A relação proteína-animal é uma métrica útil para caracterizar uma preparação de EV. Esta métrica pode fornecer um meio rápido para determinar a consistência entre as preparações de EV. Em média, 1.000 animais adultos jovens do tipo selvagem secretarão 1 μg de proteínas maiores que 10 kDa em seu ambiente(Figura 4A). Quando esta fração é ainda mais separada pela cromatografia de exclusão de tamanho, o perfil total de elução de proteínas mostra um pequeno pico de proteína entre 2-6 mL e um grande pico após 8 mL. Os EVs estão contidos nos primeiros 5 mL da coluna eluate(Figura 4B). Análise de rastreamento de nanopartículas os primeiros 5 mL da coluna eluate contém uma população monodispersa de pequenos EVs de ~150 nm(Figura 4C). A microscopia eletrônica de transmissão de frações de exclusão de tamanho revela EVs abundantes na fração de 2-6 mL de eluate, mas não nos volumes eluate posteriores. Os EVs são conhecidos por sua forma semelhante a um copo e, portanto, são fáceis de discriminar de partículas sólidas que aparecem como pontos brilhantes quando preparados as condições de coloração negativas(Figura 4D).

Figure 4
Figura 4: Purificação de EVs C. elegans da biomassa secretada total. (A) Arazão entre as proteínas totais maiores que 10 kDa ao número de vermes incubados na preparação de 10 réplicas biológicas foi traçada. A maioria das preparações continha 1 μg de proteína por 1.000 animais. (B) Perfil de elução protéica a partir de uma coluna de resina de 10 mL carregada com 1 mL do secretome concentrado. As frações que são consolidadas em análises posteriores são sombreadas em grupos. (C) Análise de rastreamento de nanopartículas das frações eluidas de resina consolidada 2-6 mL. O intervalo de confiança de 95% é cinza sombreado. (D) Análise TEM das frações eluidas de resina consolidada. O material inicial tinha partículas semelhantes a vesículas e partículas não vesículas. A fração de elução consolidada de 2-6 mL foi enriquecida para vesículas com poucas partículas não vesículas. As frações consolidadas de 7-11 mL continham poucas partículas semelhantes a vesículas, mas muitas partículas não vesículas. As frações de elução de 12 a 15 mL continham apenas partículas não vesículas. Todos os micrografos são mostrados na mesma ampliação. Barra de escala = 200 nm. Clique aqui para ver uma versão maior desta figura.
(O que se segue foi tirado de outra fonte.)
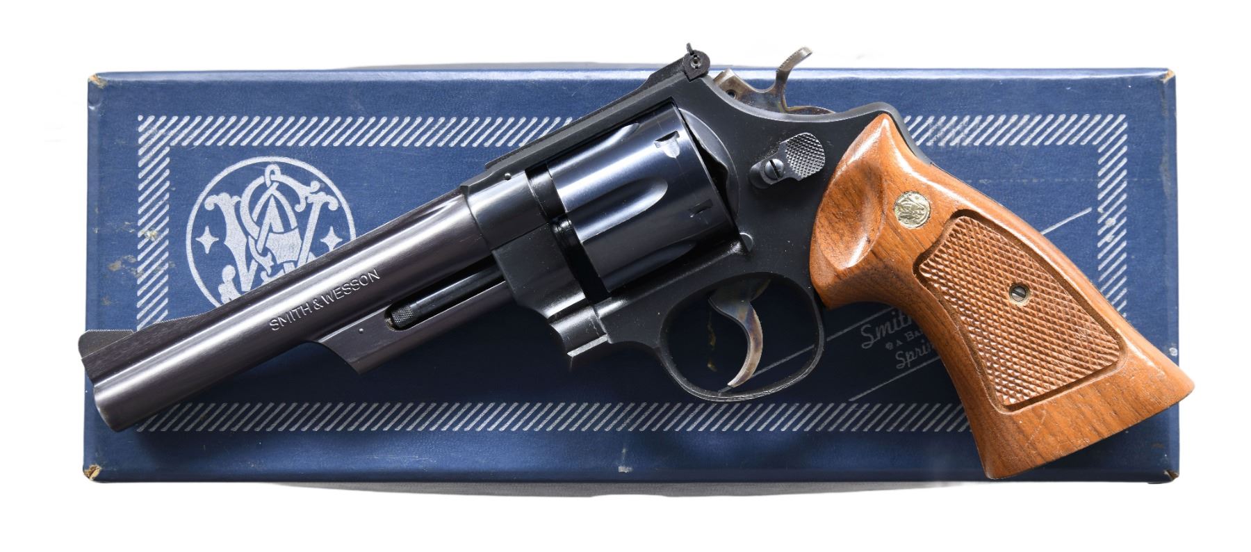 REVOLVER. Cal. 357 Mag. S# N585773. Bbl. 6" pinned. Ramped serrated blade front sight. Adjustable square notch rear sight. 28-2 Highway Patrolman revolver made 1978-1980. Blued finish with case colored hammer & trigger. Checkered walnut grips with silver S&W medallions. UNATTACHED ACCESSORIES: correct factory box that has been renumbered to match with paperwork. CONDITION: grips show light handling wear. Trigger & hammer retain strong amounts of case colors with some fading & operational wear. Balance of metal retains 98% original blue with some light edge wear. Action functions properly when hand cycled. Action functions properly when hand cycled. Bright near excellent bore. PROVENANCE: From the Lifelong Collection of George Staden S&W Member #3451. (25-118/MJC). MODERN. $700-1100.

Para comparar diretamente as características de citometria de fluxo entre C. elegans e EVs humanos, purificamos Os EVs a partir da mídia condicionada das culturas celulares dos neurônios humanos com este método. A citometria de fluxo separa partículas baseadas na dispersão de luz. A dispersão de luz de pequeno ângulo (SALS) se correlaciona aproximadamente com o tamanho, e a dispersão de luz de ângulo longo (LALS) se correlaciona com a estrutura da membrana interna. A maioria dos eventos amostrais totais tanto da cultura celular quanto das preparações de Ev de C. elegans são fortemente focadas em um cluster centrado em torno de 103 SALS e 104 LALS(Figura 5A). Um histograma de eventos de amostra de C. elegans EV classificados pela SALS mostra que todos os preparativos atingem ~103 (Figura 5B).

Figure 5
Figura 5: C. elegans EVs são claramente definidos por suas propriedades de dispersão de luz. (A) Histograma de eventos SALS em três réplicas biológicas de EVs C. elegans. ~80% dos eventos amostrais totais estão contidos em uma população apertada e claramente definida. Semelhante à análise de rastreamento de nanopartículas, mostra que a distribuição de tamanho de EVs C. elegans é monodispersa. O histograma do tampão Basal S usado para diluir as amostras é mostrado para comparação. (B) Comparação das propriedades refrativas de C. elegans e eVs de cultura celular humana purificadas com os métodos descritos neste texto. Ambos os tipos de EV apresentam consistentemente distribuições de dispersão de luz de ângulo curto e longo comparável (SALS e LALS). Clique aqui para ver uma versão maior desta figura.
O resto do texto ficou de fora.